Records excerpted from a collection
== Segment start ==

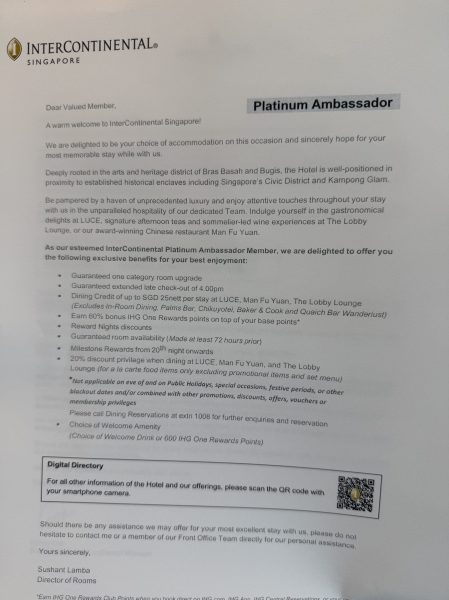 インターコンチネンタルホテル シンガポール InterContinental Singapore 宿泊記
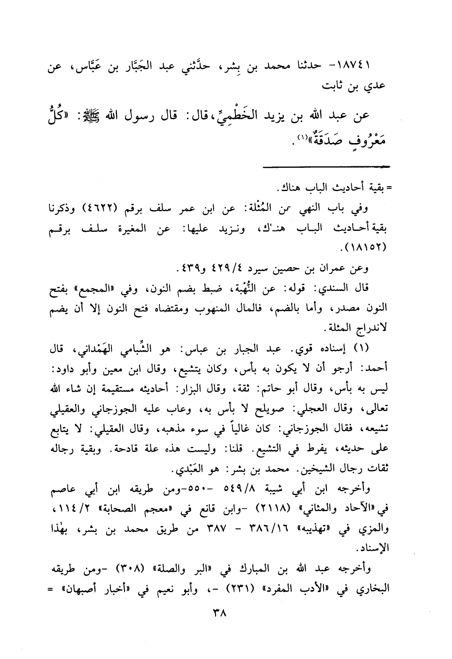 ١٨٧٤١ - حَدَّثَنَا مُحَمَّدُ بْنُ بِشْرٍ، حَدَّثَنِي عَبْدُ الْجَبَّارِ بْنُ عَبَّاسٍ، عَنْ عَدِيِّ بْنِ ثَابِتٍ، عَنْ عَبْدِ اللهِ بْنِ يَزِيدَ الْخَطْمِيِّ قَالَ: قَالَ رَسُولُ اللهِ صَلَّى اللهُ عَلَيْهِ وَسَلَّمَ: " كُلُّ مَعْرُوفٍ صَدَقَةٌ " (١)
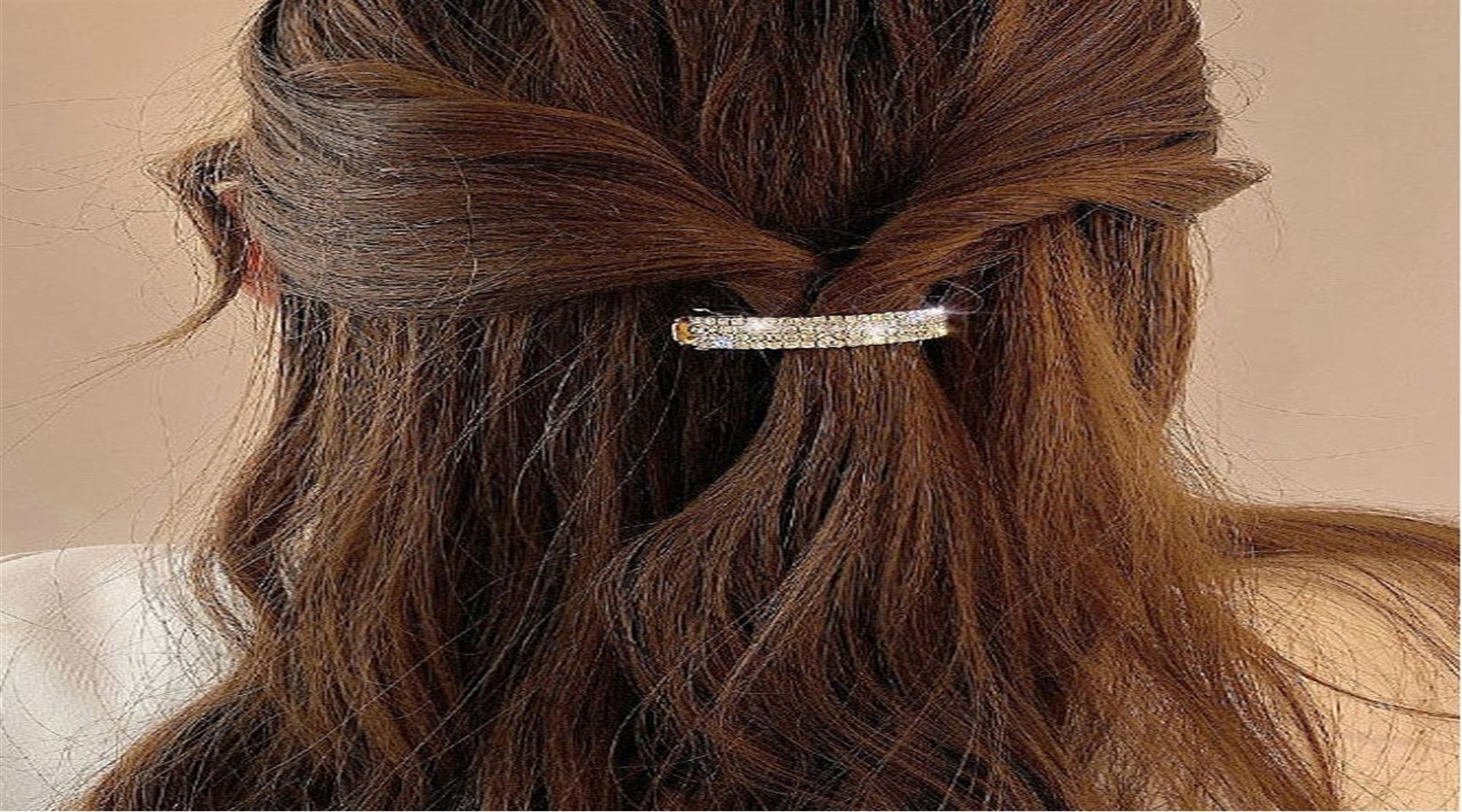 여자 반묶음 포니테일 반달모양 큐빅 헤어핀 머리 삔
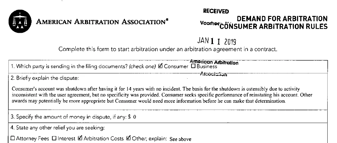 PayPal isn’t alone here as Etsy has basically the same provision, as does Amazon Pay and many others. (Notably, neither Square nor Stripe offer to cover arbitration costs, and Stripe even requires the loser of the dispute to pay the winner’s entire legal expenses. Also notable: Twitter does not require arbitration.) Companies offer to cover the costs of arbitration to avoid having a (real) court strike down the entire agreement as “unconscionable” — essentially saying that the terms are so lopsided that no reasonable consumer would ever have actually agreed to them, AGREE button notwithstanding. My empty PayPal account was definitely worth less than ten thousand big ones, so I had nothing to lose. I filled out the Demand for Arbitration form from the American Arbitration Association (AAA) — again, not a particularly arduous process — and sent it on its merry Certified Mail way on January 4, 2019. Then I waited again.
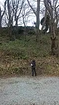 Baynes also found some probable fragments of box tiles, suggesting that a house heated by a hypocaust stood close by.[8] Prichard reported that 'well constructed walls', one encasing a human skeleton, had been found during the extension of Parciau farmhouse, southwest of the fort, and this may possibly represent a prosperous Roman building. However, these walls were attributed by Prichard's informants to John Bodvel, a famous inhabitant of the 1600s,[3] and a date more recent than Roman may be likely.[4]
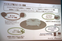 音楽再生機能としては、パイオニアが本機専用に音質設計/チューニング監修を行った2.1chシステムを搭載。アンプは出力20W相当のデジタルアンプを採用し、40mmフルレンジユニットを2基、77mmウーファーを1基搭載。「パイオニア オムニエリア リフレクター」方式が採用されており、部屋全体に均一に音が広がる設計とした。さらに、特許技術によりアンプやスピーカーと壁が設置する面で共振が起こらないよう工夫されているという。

== Segment end ==

> **Work instruction**
With the pictures left out, give again exactly the lines from the one that contains "Baynes also found" through the final line of the data above.

> **Solution to this exercise**
 Baynes also found some probable fragments of box tiles, suggesting that a house heated by a hypocaust stood close by.[8] Prichard reported that 'well constructed walls', one encasing a human skeleton, had been found during the extension of Parciau farmhouse, southwest of the fort, and this may possibly represent a prosperous Roman building. However, these walls were attributed by Prichard's informants to John Bodvel, a famous inhabitant of the 1600s,[3] and a date more recent than Roman may be likely.[4]
 音楽再生機能としては、パイオニアが本機専用に音質設計/チューニング監修を行った2.1chシステムを搭載。アンプは出力20W相当のデジタルアンプを採用し、40mmフルレンジユニットを2基、77mmウーファーを1基搭載。「パイオニア オムニエリア リフレクター」方式が採用されており、部屋全体に均一に音が広がる設計とした。さらに、特許技術によりアンプやスピーカーと壁が設置する面で共振が起こらないよう工夫されているという。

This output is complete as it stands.